Using neural network for predicting hourly origin-destination matrices from trip data and environmental information
Author: E. Hassanzadeh, Z. Amini
Journal: Scientia Iranica
Year: 2024

Unsupervised learning for topological classification of transportation networks
Author: S. Sabzekar, M.R.V. Malakshah, Z. Amini
Journal: arXiv preprint
Year: 2023

Data-Driven Approaches for Robust Signal Plans in Urban Transportation Networks
Author: Z. Amini
Journal:  University of California, Berkeley (Thesis)
Year: 2018

Spatial network-wide traffic flow imputation with graph neural network
Author: S. Sabzekar, R. Bahmani, M. Ghasemi, Z. Amini
Journal:  International Journal of Intelligent Transportation Systems Research
Year: 2025

Analyzing the impacts of gasoline price change on nationwide trip demand and drivers’ behavior using regression discontinuity design
Author: S. Saeidi, Z. Amini
Journal: Scientia Iranica
Year: 2024

Conclusion

Dr.

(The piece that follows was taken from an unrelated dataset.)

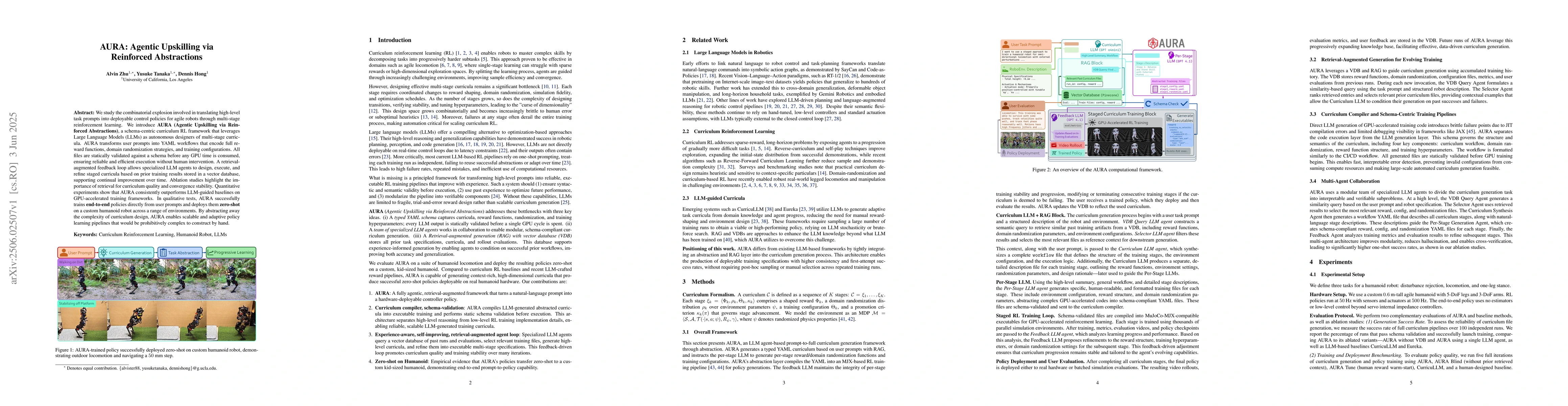 We study the combinatorial explosion involved in translating high-level task prompts into deployable control policies for agile robots through multi-stage reinforcement learning. We introduce AURA (Agentic Upskilling via Reinforced Abstractions), a schema-centric curriculum RL framework that leverages Large Language Models (LLMs) as autonomous designers of multi-stage curricula. AURA transforms user prompts into YAML workflows that encode full reward functions, domain randomization strategies, and training configurations. All files are statically validated against a schema before any GPU time is consumed, ensuring reliable and efficient execution without human intervention. A retrieval-augmented feedback loop allows specialized LLM agents to design, execute, and refine staged curricula based on prior training results stored in a vector database, supporting continual improvement over time. Ablation studies highlight the importance of retrieval for curriculum quality and convergence stability. Quantitative experiments show that AURA consistently outperforms LLM-guided baselines on GPU-accelerated training frameworks. In qualitative tests, AURA successfully trains end-to-end policies directly from user prompts and deploys them zero-shot on a custom humanoid robot across a range of environments. By abstracting away the complexity of curriculum design, AURA enables scalable and adaptive policy learning pipelines that would be prohibitively complex to construct by hand.
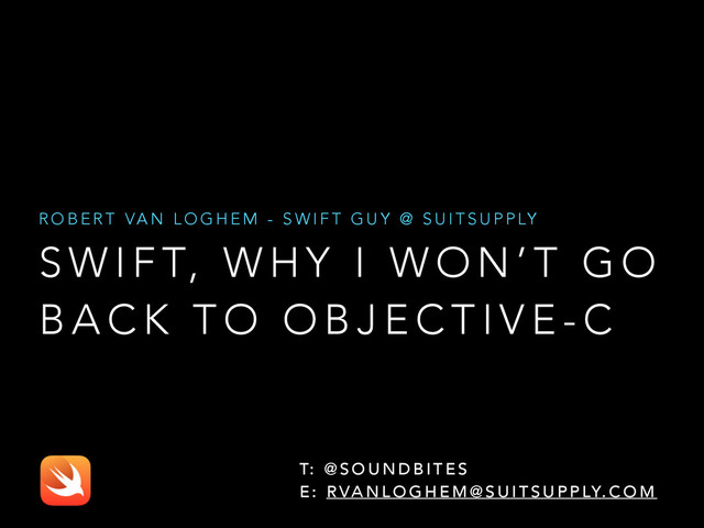 Robert van Loghem has been programming since he was 13 years old in Turbo Pascal, after doing over a decade of backend development in Java, and some Scala, he started developing Objective-C iOS apps in 2010 for NS and a little bit of ProRail. Now in 2015 he’s doing 100% Swift at Suitsupply.

Zahra Amini’s distinguished academic background, impactful research in intelligent and sustainable transportation systems, and recognized leadership in advancing innovative solutions firmly establish her as an outstanding candidate for the Best Researcher Award. Her dedication to bridging research, education, and real-world applications makes her not only deserving of this recognition but also a valuable contributor to the global scientific community.